-------- Data extract

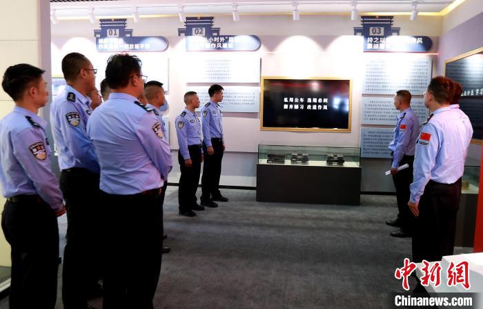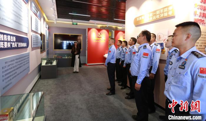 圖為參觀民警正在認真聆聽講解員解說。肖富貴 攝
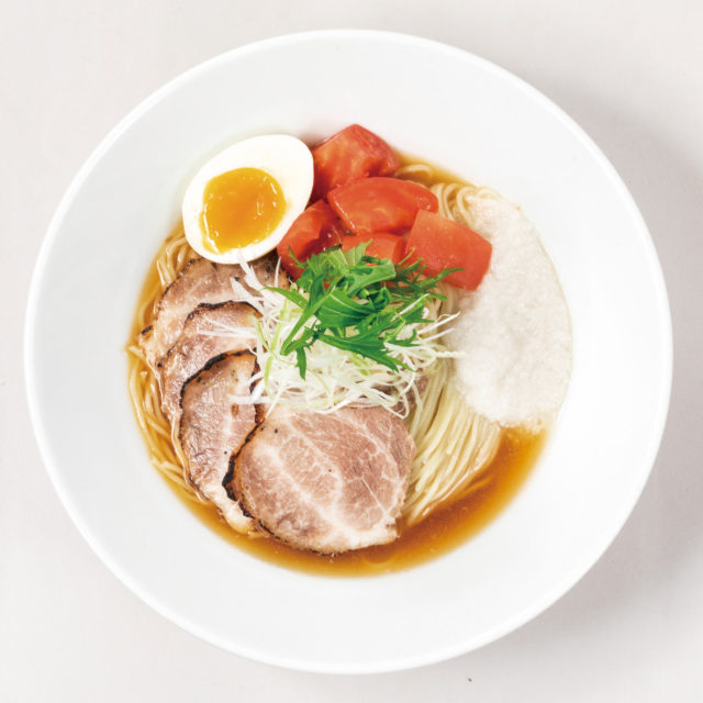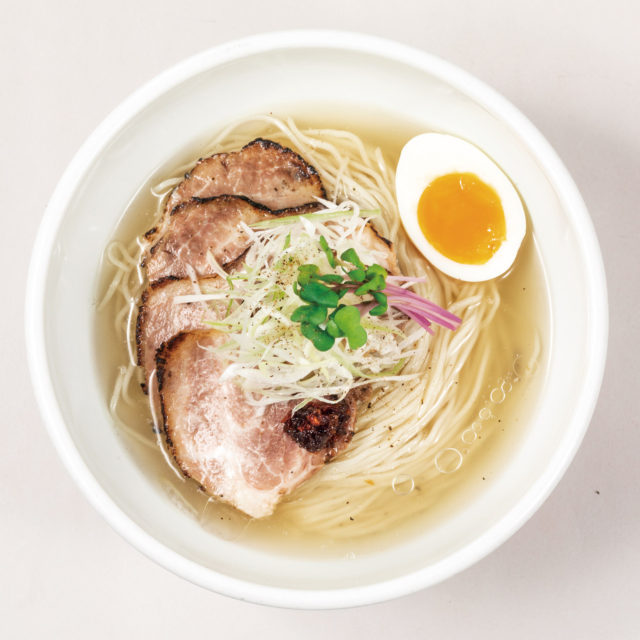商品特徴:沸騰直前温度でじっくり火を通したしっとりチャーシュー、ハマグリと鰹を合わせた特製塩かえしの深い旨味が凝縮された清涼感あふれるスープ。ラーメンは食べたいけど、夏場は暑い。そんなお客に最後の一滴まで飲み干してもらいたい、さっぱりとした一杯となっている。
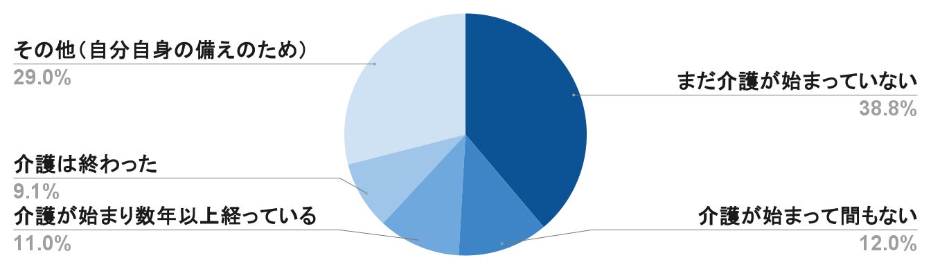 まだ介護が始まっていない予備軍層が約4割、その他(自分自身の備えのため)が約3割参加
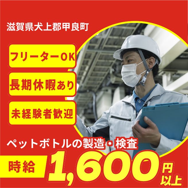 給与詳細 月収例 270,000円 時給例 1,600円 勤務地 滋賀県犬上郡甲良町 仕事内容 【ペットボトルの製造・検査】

----------------

Please copy the data shown above, line by line and exactly, omitting the images.

_Output of the task_
 圖為參觀民警正在認真聆聽講解員解說。肖富貴 攝
商品特徴:沸騰直前温度でじっくり火を通したしっとりチャーシュー、ハマグリと鰹を合わせた特製塩かえしの深い旨味が凝縮された清涼感あふれるスープ。ラーメンは食べたいけど、夏場は暑い。そんなお客に最後の一滴まで飲み干してもらいたい、さっぱりとした一杯となっている。
 まだ介護が始まっていない予備軍層が約4割、その他(自分自身の備えのため)が約3割参加
 給与詳細 月収例 270,000円 時給例 1,600円 勤務地 滋賀県犬上郡甲良町 仕事内容 【ペットボトルの製造・検査】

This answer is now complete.